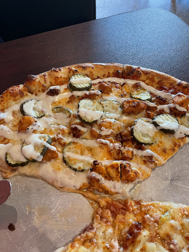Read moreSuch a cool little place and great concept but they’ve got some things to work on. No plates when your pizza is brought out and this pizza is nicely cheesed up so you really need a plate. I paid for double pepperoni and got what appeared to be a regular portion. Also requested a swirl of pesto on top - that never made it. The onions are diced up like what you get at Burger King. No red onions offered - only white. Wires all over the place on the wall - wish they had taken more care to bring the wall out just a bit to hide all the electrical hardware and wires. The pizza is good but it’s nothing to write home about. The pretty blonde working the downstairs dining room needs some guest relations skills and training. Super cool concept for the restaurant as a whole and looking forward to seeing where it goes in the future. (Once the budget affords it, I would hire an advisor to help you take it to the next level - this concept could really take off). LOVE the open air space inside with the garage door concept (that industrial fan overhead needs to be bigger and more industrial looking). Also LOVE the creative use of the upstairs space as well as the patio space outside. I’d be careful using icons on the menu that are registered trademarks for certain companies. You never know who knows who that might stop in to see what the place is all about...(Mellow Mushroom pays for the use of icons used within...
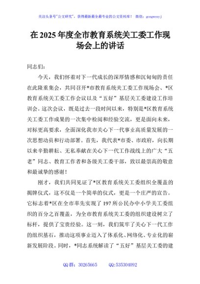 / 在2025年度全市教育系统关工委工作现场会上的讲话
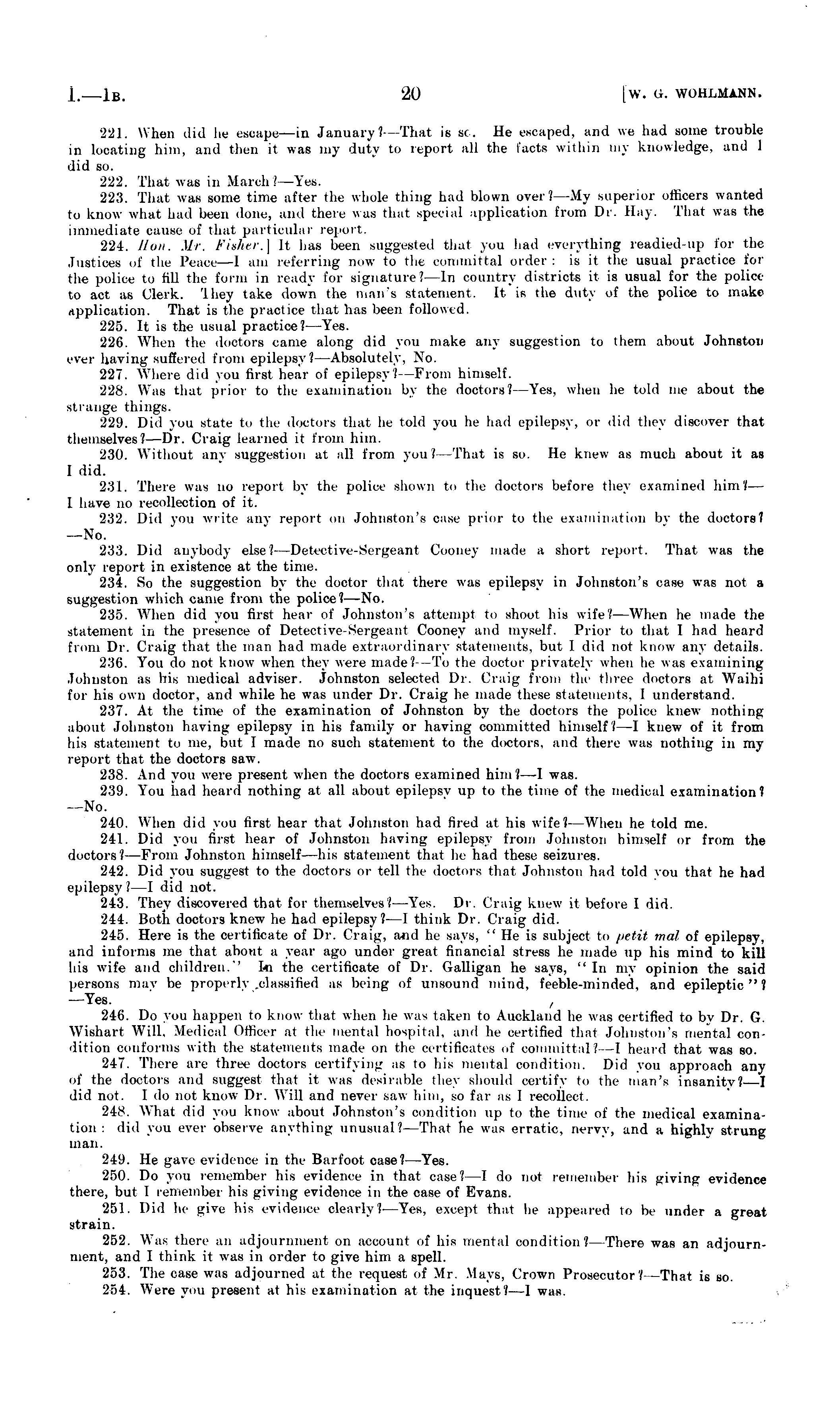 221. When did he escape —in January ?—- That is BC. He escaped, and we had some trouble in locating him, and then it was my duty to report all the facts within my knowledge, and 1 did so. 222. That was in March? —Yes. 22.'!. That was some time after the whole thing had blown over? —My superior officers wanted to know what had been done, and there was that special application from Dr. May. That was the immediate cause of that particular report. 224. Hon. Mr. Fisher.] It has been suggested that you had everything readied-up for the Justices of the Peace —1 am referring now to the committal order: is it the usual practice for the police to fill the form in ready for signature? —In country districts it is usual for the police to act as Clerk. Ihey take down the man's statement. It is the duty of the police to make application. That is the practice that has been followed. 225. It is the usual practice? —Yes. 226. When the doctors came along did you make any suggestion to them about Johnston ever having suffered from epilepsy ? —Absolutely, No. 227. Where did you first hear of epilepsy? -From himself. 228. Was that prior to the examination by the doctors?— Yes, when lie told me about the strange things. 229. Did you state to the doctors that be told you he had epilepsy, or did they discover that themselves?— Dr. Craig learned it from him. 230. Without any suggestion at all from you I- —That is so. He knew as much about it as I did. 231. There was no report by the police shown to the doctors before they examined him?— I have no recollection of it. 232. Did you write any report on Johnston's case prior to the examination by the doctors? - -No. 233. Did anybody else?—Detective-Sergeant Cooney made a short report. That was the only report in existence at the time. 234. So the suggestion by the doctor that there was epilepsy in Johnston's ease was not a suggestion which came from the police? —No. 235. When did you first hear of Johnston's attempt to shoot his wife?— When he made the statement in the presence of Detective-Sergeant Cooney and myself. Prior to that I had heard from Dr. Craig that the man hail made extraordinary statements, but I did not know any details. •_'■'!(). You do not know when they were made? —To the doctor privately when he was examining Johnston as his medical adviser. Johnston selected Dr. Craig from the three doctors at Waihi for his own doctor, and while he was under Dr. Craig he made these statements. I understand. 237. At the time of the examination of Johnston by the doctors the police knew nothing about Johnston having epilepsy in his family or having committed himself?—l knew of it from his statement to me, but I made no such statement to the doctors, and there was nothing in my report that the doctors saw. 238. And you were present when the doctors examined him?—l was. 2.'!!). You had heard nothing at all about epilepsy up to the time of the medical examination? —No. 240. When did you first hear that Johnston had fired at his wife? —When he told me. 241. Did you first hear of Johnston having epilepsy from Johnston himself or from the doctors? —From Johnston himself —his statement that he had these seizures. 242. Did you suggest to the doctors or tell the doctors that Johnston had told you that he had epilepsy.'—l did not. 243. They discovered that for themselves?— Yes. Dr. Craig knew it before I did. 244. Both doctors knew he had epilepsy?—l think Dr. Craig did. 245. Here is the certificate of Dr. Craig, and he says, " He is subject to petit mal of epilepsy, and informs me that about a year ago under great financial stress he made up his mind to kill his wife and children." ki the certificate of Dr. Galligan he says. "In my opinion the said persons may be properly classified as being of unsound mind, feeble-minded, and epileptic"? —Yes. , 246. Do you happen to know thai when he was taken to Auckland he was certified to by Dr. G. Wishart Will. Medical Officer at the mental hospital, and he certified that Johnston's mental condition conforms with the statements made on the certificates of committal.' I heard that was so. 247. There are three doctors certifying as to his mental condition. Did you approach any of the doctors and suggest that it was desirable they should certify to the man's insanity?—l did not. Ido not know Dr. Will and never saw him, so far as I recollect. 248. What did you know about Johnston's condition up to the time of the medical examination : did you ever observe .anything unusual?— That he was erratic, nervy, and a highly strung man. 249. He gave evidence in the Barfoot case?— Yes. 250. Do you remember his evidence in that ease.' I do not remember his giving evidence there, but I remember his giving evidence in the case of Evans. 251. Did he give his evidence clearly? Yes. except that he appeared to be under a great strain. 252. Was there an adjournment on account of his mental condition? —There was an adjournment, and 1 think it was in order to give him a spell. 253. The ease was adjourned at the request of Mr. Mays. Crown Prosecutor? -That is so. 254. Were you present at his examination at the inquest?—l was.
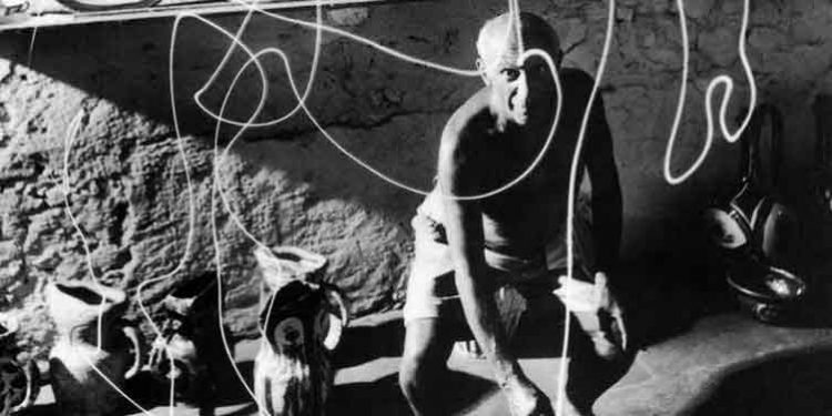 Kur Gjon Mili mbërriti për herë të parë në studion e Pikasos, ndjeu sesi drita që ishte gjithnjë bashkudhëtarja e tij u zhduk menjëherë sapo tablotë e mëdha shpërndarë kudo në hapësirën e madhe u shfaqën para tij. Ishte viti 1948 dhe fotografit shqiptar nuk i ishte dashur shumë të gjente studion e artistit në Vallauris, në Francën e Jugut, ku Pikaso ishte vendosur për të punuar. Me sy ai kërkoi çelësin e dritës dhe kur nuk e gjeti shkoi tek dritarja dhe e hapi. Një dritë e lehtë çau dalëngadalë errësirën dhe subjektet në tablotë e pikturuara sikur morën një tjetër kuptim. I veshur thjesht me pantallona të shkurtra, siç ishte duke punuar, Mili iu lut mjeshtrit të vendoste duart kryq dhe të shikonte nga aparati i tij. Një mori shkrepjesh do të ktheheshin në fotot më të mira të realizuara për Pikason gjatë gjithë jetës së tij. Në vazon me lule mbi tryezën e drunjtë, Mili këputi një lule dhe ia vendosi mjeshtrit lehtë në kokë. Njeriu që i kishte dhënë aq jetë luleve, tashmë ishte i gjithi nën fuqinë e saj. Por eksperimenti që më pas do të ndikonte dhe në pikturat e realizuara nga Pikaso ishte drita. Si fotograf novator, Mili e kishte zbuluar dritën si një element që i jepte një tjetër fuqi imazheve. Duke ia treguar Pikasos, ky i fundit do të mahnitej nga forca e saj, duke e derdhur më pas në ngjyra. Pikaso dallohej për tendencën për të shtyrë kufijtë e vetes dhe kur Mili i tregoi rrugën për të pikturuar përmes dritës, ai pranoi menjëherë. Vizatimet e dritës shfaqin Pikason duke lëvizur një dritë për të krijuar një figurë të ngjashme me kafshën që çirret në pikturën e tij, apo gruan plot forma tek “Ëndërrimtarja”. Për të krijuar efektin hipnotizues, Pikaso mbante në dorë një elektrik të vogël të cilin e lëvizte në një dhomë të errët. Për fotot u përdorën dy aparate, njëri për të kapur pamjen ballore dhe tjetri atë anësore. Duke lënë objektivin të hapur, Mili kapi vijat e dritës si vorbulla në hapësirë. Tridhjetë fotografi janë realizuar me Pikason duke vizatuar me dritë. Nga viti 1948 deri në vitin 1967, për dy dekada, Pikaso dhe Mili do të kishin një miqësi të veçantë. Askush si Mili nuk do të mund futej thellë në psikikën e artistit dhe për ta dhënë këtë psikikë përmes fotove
===
● WORK INSTRUCTIONS
Give back the material word for word and drop the pictures it holds.

● RESULT
Read moreSuch a cool little place and great concept but they’ve got some things to work on. No plates when your pizza is brought out and this pizza is nicely cheesed up so you really need a plate. I paid for double pepperoni and got what appeared to be a regular portion. Also requested a swirl of pesto on top - that never made it. The onions are diced up like what you get at Burger King. No red onions offered - only white. Wires all over the place on the wall - wish they had taken more care to bring the wall out just a bit to hide all the electrical hardware and wires. The pizza is good but it’s nothing to write home about. The pretty blonde working the downstairs dining room needs some guest relations skills and training. Super cool concept for the restaurant as a whole and looking forward to seeing where it goes in the future. (Once the budget affords it, I would hire an advisor to help you take it to the next level - this concept could really take off). LOVE the open air space inside with the garage door concept (that industrial fan overhead needs to be bigger and more industrial looking). Also LOVE the creative use of the upstairs space as well as the patio space outside. I’d be careful using icons on the menu that are registered trademarks for certain companies. You never know who knows who that might stop in to see what the place is all about...(Mellow Mushroom pays for the use of icons used within...
 / 在2025年度全市教育系统关工委工作现场会上的讲话
 221. When did he escape —in January ?—- That is BC. He escaped, and we had some trouble in locating him, and then it was my duty to report all the facts within my knowledge, and 1 did so. 222. That was in March? —Yes. 22.'!. That was some time after the whole thing had blown over? —My superior officers wanted to know what had been done, and there was that special application from Dr. May. That was the immediate cause of that particular report. 224. Hon. Mr. Fisher.] It has been suggested that you had everything readied-up for the Justices of the Peace —1 am referring now to the committal order: is it the usual practice for the police to fill the form in ready for signature? —In country districts it is usual for the police to act as Clerk. Ihey take down the man's statement. It is the duty of the police to make application. That is the practice that has been followed. 225. It is the usual practice? —Yes. 226. When the doctors came along did you make any suggestion to them about Johnston ever having suffered from epilepsy ? —Absolutely, No. 227. Where did you first hear of epilepsy? -From himself. 228. Was that prior to the examination by the doctors?— Yes, when lie told me about the strange things. 229. Did you state to the doctors that be told you he had epilepsy, or did they discover that themselves?— Dr. Craig learned it from him. 230. Without any suggestion at all from you I- —That is so. He knew as much about it as I did. 231. There was no report by the police shown to the doctors before they examined him?— I have no recollection of it. 232. Did you write any report on Johnston's case prior to the examination by the doctors? - -No. 233. Did anybody else?—Detective-Sergeant Cooney made a short report. That was the only report in existence at the time. 234. So the suggestion by the doctor that there was epilepsy in Johnston's ease was not a suggestion which came from the police? —No. 235. When did you first hear of Johnston's attempt to shoot his wife?— When he made the statement in the presence of Detective-Sergeant Cooney and myself. Prior to that I had heard from Dr. Craig that the man hail made extraordinary statements, but I did not know any details. •_'■'!(). You do not know when they were made? —To the doctor privately when he was examining Johnston as his medical adviser. Johnston selected Dr. Craig from the three doctors at Waihi for his own doctor, and while he was under Dr. Craig he made these statements. I understand. 237. At the time of the examination of Johnston by the doctors the police knew nothing about Johnston having epilepsy in his family or having committed himself?—l knew of it from his statement to me, but I made no such statement to the doctors, and there was nothing in my report that the doctors saw. 238. And you were present when the doctors examined him?—l was. 2.'!!). You had heard nothing at all about epilepsy up to the time of the medical examination? —No. 240. When did you first hear that Johnston had fired at his wife? —When he told me. 241. Did you first hear of Johnston having epilepsy from Johnston himself or from the doctors? —From Johnston himself —his statement that he had these seizures. 242. Did you suggest to the doctors or tell the doctors that Johnston had told you that he had epilepsy.'—l did not. 243. They discovered that for themselves?— Yes. Dr. Craig knew it before I did. 244. Both doctors knew he had epilepsy?—l think Dr. Craig did. 245. Here is the certificate of Dr. Craig, and he says, " He is subject to petit mal of epilepsy, and informs me that about a year ago under great financial stress he made up his mind to kill his wife and children." ki the certificate of Dr. Galligan he says. "In my opinion the said persons may be properly classified as being of unsound mind, feeble-minded, and epileptic"? —Yes. , 246. Do you happen to know thai when he was taken to Auckland he was certified to by Dr. G. Wishart Will. Medical Officer at the mental hospital, and he certified that Johnston's mental condition conforms with the statements made on the certificates of committal.' I heard that was so. 247. There are three doctors certifying as to his mental condition. Did you approach any of the doctors and suggest that it was desirable they should certify to the man's insanity?—l did not. Ido not know Dr. Will and never saw him, so far as I recollect. 248. What did you know about Johnston's condition up to the time of the medical examination : did you ever observe .anything unusual?— That he was erratic, nervy, and a highly strung man. 249. He gave evidence in the Barfoot case?— Yes. 250. Do you remember his evidence in that ease.' I do not remember his giving evidence there, but I remember his giving evidence in the case of Evans. 251. Did he give his evidence clearly? Yes. except that he appeared to be under a great strain. 252. Was there an adjournment on account of his mental condition? —There was an adjournment, and 1 think it was in order to give him a spell. 253. The ease was adjourned at the request of Mr. Mays. Crown Prosecutor? -That is so. 254. Were you present at his examination at the inquest?—l was.
 Kur Gjon Mili mbërriti për herë të parë në studion e Pikasos, ndjeu sesi drita që ishte gjithnjë bashkudhëtarja e tij u zhduk menjëherë sapo tablotë e mëdha shpërndarë kudo në hapësirën e madhe u shfaqën para tij. Ishte viti 1948 dhe fotografit shqiptar nuk i ishte dashur shumë të gjente studion e artistit në Vallauris, në Francën e Jugut, ku Pikaso ishte vendosur për të punuar. Me sy ai kërkoi çelësin e dritës dhe kur nuk e gjeti shkoi tek dritarja dhe e hapi. Një dritë e lehtë çau dalëngadalë errësirën dhe subjektet në tablotë e pikturuara sikur morën një tjetër kuptim. I veshur thjesht me pantallona të shkurtra, siç ishte duke punuar, Mili iu lut mjeshtrit të vendoste duart kryq dhe të shikonte nga aparati i tij. Një mori shkrepjesh do të ktheheshin në fotot më të mira të realizuara për Pikason gjatë gjithë jetës së tij. Në vazon me lule mbi tryezën e drunjtë, Mili këputi një lule dhe ia vendosi mjeshtrit lehtë në kokë. Njeriu që i kishte dhënë aq jetë luleve, tashmë ishte i gjithi nën fuqinë e saj. Por eksperimenti që më pas do të ndikonte dhe në pikturat e realizuara nga Pikaso ishte drita. Si fotograf novator, Mili e kishte zbuluar dritën si një element që i jepte një tjetër fuqi imazheve. Duke ia treguar Pikasos, ky i fundit do të mahnitej nga forca e saj, duke e derdhur më pas në ngjyra. Pikaso dallohej për tendencën për të shtyrë kufijtë e vetes dhe kur Mili i tregoi rrugën për të pikturuar përmes dritës, ai pranoi menjëherë. Vizatimet e dritës shfaqin Pikason duke lëvizur një dritë për të krijuar një figurë të ngjashme me kafshën që çirret në pikturën e tij, apo gruan plot forma tek “Ëndërrimtarja”. Për të krijuar efektin hipnotizues, Pikaso mbante në dorë një elektrik të vogël të cilin e lëvizte në një dhomë të errët. Për fotot u përdorën dy aparate, njëri për të kapur pamjen ballore dhe tjetri atë anësore. Duke lënë objektivin të hapur, Mili kapi vijat e dritës si vorbulla në hapësirë. Tridhjetë fotografi janë realizuar me Pikason duke vizatuar me dritë. Nga viti 1948 deri në vitin 1967, për dy dekada, Pikaso dhe Mili do të kishin një miqësi të veçantë. Askush si Mili nuk do të mund futej thellë në psikikën e artistit dhe për ta dhënë këtë psikikë përmes fotove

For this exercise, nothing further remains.